Qwen3VL-8B-4bit-GGUF-Jetson-Deployment

🌍 Disaster Recognition Model | 🚨 Emergency Response | 🗣️ Trilingual (EN/JA/ZH) | 🔧 Jetson-Ready

License Base Model LoRA Adapter Dataset

This repository provides a merged Hugging Face checkpoint and pre-quantized GGUF files for immediate deployment of a disaster-recognition vision-language model on edge devices such as the NVIDIA Jetson series.

The model was created by merging the QLoRA adapter WayBob/Qwen3VL-8B-QLora-4bit-xView2-Disaster-Recognition into the base model Qwen/Qwen3-VL-8B-Instruct, then converting the merged checkpoint into GGUF for efficient deployment with llama.cpp.

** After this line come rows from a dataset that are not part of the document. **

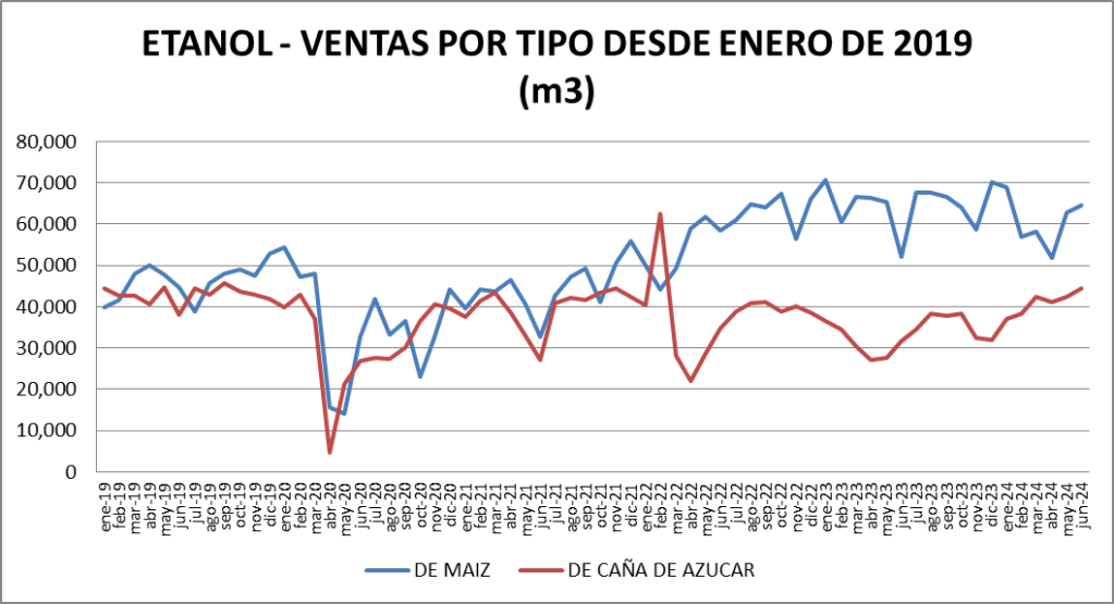 | Etanol de Maíz (m3) | 44,459 | -1.30% | -23.59% |
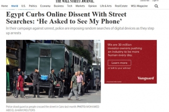 قالت صحيفة “وول ستريت جورنال”، إن مصر تمنع المعارضة على الإنترنت مع عمليات البحث في الشوارع عن هواتف المصريين، مضيفة أنها في حملتها ضد الاضطرابات، تفرض الشرطة عمليات ...
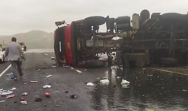 Tırın devrilmesi nedeniyle yolda kısa süreli aksama yaşanırken, ekiplerin çalışmaları sonucu trafik kontrollü olarak yeniden sağlandı.
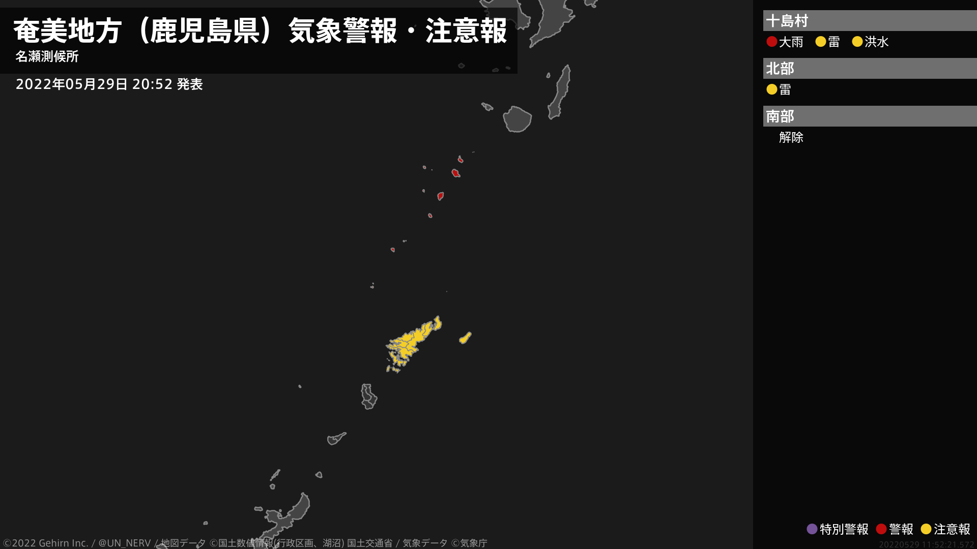 【奄美地方(鹿児島県) 気象警報・注意報 2022年05月29日 20:52】奄美地方では、30日昼前まで土砂災害に警戒してください。#気象警報注意報 #奄美地方

Why this repository exists

The original LoRA adapter repository is ideal for standard Hugging Face inference and further experimentation, but edge deployment on Jetson-class devices introduces additional constraints:

  • Runtime LoRA loading adds memory overhead.
  • JetPack 5.1.2 ships with CUDA 11.4, which is often awkward or unsupported for newer inference stacks without custom patching.
  • Edge deployment benefits from a single merged model artifact and a lightweight inference runtime.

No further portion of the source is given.